The memory of one of Eulo’s most colourful residents is preserved in the Eulo Queen Hotel.
Story and photos Martin Aldist
Publican Jeffrey ‘Jacko’ Jackson grins when he describes the woman after whom the Eulo Queen Hotel, in Eulo, Qld, is named. “She must have been a looker,” Jacko says. “She was 53 years old, but she put 35 on her marriage licence.”

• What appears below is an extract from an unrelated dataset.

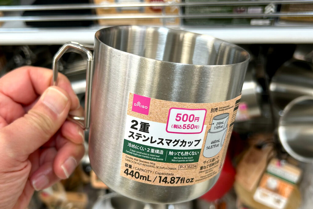 軽アイテム。木炭もダイソーで売っているのでセットで購入すればすぐに炭火焼きパーティーがで楽しめます。他にも、ダイソーの「2重ステンレスマグカップ440ml」(税込550円)もキャンプで活躍してくれるお役立ちアイテムです。2重構造を採用しているので触っても熱くなくて、冷たい飲み物が冷めにくいのが特徴です。別売りの210mlのカップを購入すればサイズ違いでスタッキングが可能。重ねて持ち運べるのも◎です。

Jacko is talking about Isabel Robinson-Gray, who arrived in Eulo, on the banks of the Paroo River west of Cunnamulla, in the late 1880s. With her second husband, Richard Robinson, she became a hotel keeper at the Royal Mail Hotel in 1889. At that time, Eulo was an important Cobb & Co staging post for coaches travelling between Cunnamulla and Thargomindah, and was at the junction of the route to Hungerford. “Importantly for Isabel,” Jacko says, “Eulo was also close to three major opal-mining fields.”
One can only assume that business boomed. The Robinsons subsequently acquired the other two hotels in Eulo, along with a store and a butcher’s shop, thus controlling most of the town’s economy. Isabel was a canny business woman who developed a passion for opals, often accepting them as payment. She is said to have amounted a vast collection of opals, opal-clad jewellery and other garments worth over £4000.
Isabel employed a number of young women to provide intimate entertainment for the passing opal miners, graziers and other travellers. Her reputedly voluptuous physical assets, combined with an outgoing personality and a broad-minded husband, allowed Isabel to also operate as a successful escort. She became known as ‘The Eulo Queen’.